For those who may have some interest in the book, but are not
initially willing to invest large of amounts of time in it, I set out a
plan for getting some of the book’s gist. My hope is that after
achieving an overview, some readers will be tempted to go back for
more—not just noting fine points, but mastering the book’s
conceptual framework and conceptual intricacies.
For vision scientists, Parts I–II deal with the least familiar ideas—
principally, the representational form and semantics of perception.
Part III and Chapters 13–18 in Part IV mainly describe matters that
many vision or visuo-motor scientists are familiar with, although
these passages cast those matters in a conceptual form that may be
more unified than specialized accounts provide.
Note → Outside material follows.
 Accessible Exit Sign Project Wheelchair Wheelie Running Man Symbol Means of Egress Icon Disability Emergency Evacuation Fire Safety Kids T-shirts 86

Chapter 19 of Part
IV, supported by Chapters 13–18, presents a large view of the visual
system and visuo-motor system that uses perhaps familiar empirical
materials to develop a possibly less familiar, or more sharply
articulated, view of those systems as wholes.
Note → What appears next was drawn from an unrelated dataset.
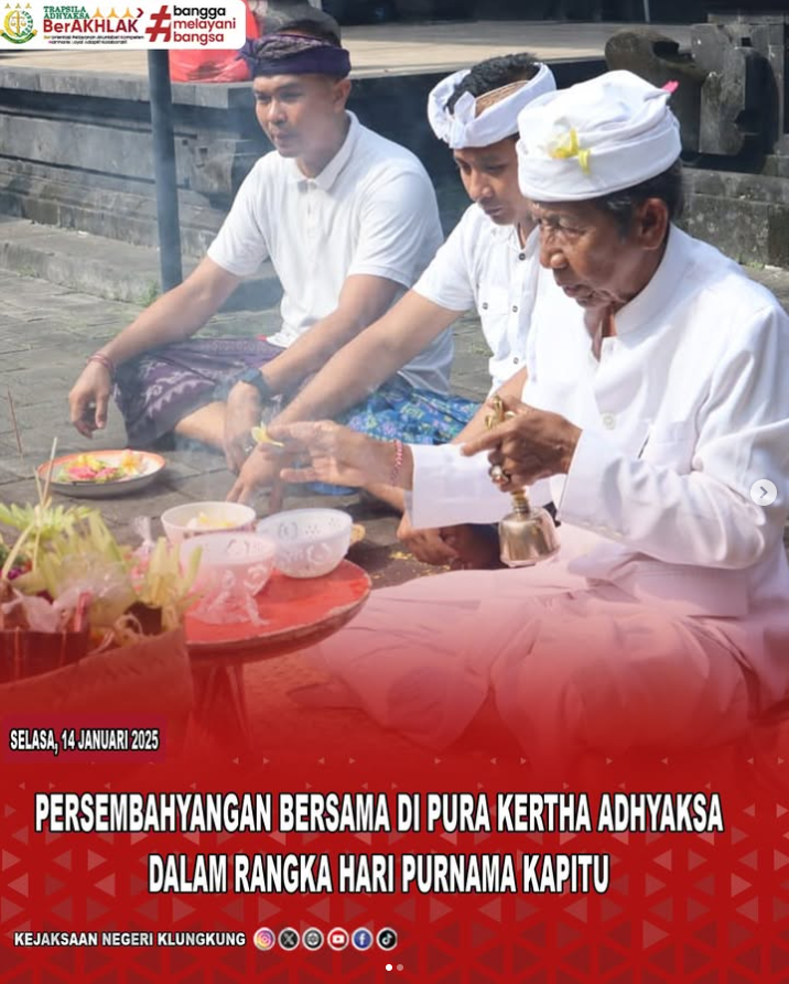 Selasa, 14 Januari 2025, bertempat di Pura Kertha Adhyaksa Kejaksaan Negeri Klungkung, seluruh Pegawai Kejaksaan Negeri Klungkung yang beragama Hindu

For those, either vision scientists or others, who simply want to
get a sense for the main lines of thought, I offer the following,
tentative guide.
I recommend, in Part I, the first two sections of Chapter 1 and all
of Chapter 2. In Chapter 3, I recommend the prologue and the
section Retinal Image Contour Registration and Surface Contour
Perception. This section illustrates concretely how I think perceptual
constancies are distinguished from other invariances in visual
perception.
In Part II, I recommend the prologue at the beginning of Chapter
4, and the third and fifth sections of the chapter (Representational-
Dependence Hierarchies in Perceptual Attribution and Taxonomic
Hierarchies in Perception). In Chapter 5, I recommend the first two
sections (Basic Form of Perceptual Contents and Perceptual Reference is
Partly Guided by Perceptual Attribution). In Chapter 6, I recommend
the first three and the last of the sections (Review of Basic Form of
Perceptual Representation; Perception of Property Instances; Betokening
and Four Types of Perceptual Attribution; and Perceptual Contents,
Propositions, and Noun Phrase). Chapter 7 gives the central account of
the semantics of perception. This may be hard to follow if one has
skipped too much of the slow development of concepts that lead up
to it. The key section is the next-to-last one (Accuracy Conditions for
Perceptual Attributives in Perceptual Constancies). Chapter 8 centers on
the way space and time are represented in visual perception. It can
be skipped by those not interested in details of perceptual
representational structure. Chapter 9 connects basic representational
structure (the structure of reference and attribution) with the iconic
form of visual perception. The key sections are the first and the last
two (Noun-Phrase-Like Structure and Iconic Representation in Perception;
Relations Between Iconic Format and Representational Content; and The
Tractability of Iconic Attributional Complexity).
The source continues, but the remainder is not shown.